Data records
--*--

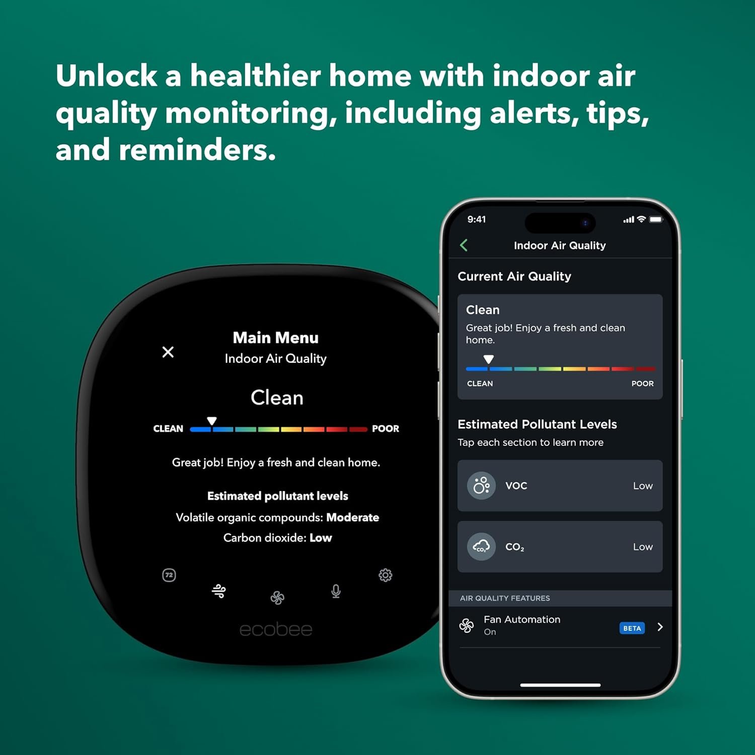 The built-in air quality monitor alerts you to poor air quality, provides tips on how to improve it, and reminds you when it’s time to change your furnace’s air filter
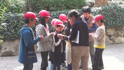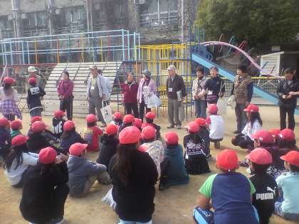 4年生は、理科の学習で、シニア自然大学校インタープリテーション科の方々と地域のボランティアの方々に来ていただいて、校内の自然観察会を行いました。
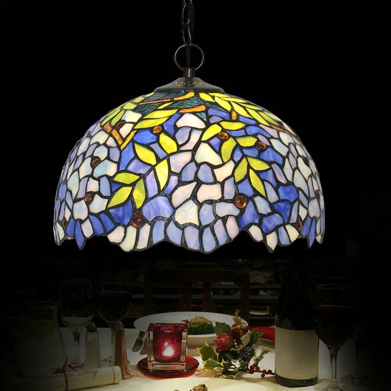 Lámpara colgante de cristal de colores Tiffany Wisteria de 30 cm
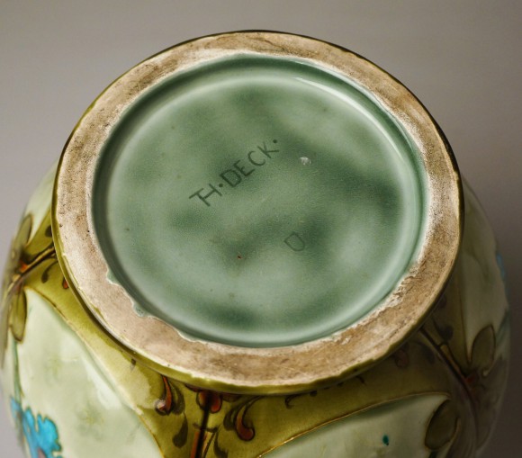 vase en forme de bulbe et decor floral sur fond céladon, signé TH. DECK sous la base.
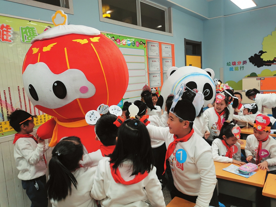 1月4日,太原市新建路小學內,冬奧會吉祥物“冰墩墩”“雪容融”正在與孩子們互動。據了解,當日該校開啟“樂考迎冬奧 一起向未來”一二年級樂考活動。通過“冬奧”禮儀、“冬奧”吉祥物我來做等項目測評內容,采用游園走班式樂考,讓孩子們在樂考中走近“冬奧會”、了解“冬奧會”。(記者阮洋攝)
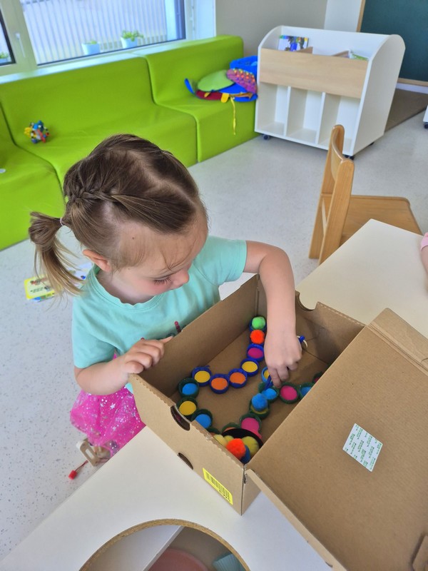 V igralnici smo pripravili kotiček za miselne igre – sestavljanke, enostavne didaktične igrače in razvrščanje predmetov po barvah in velikosti. Otroci so z veseljem sodelovali, se učili potrpežljivosti, osredotočenosti in razvijali svoje fine motorične spretnosti.

--*--

• [Task brief]:
Give the data above back unchanged, except for the pictures.

• [Expected output]:
 The built-in air quality monitor alerts you to poor air quality, provides tips on how to improve it, and reminds you when it’s time to change your furnace’s air filter
 4年生は、理科の学習で、シニア自然大学校インタープリテーション科の方々と地域のボランティアの方々に来ていただいて、校内の自然観察会を行いました。
 Lámpara colgante de cristal de colores Tiffany Wisteria de 30 cm
 vase en forme de bulbe et decor floral sur fond céladon, signé TH. DECK sous la base.
 1月4日,太原市新建路小學內,冬奧會吉祥物“冰墩墩”“雪容融”正在與孩子們互動。據了解,當日該校開啟“樂考迎冬奧 一起向未來”一二年級樂考活動。通過“冬奧”禮儀、“冬奧”吉祥物我來做等項目測評內容,采用游園走班式樂考,讓孩子們在樂考中走近“冬奧會”、了解“冬奧會”。(記者阮洋攝)
 V igralnici smo pripravili kotiček za miselne igre – sestavljanke, enostavne didaktične igrače in razvrščanje predmetov po barvah in velikosti. Otroci so z veseljem sodelovali, se učili potrpežljivosti, osredotočenosti in razvijali svoje fine motorične spretnosti.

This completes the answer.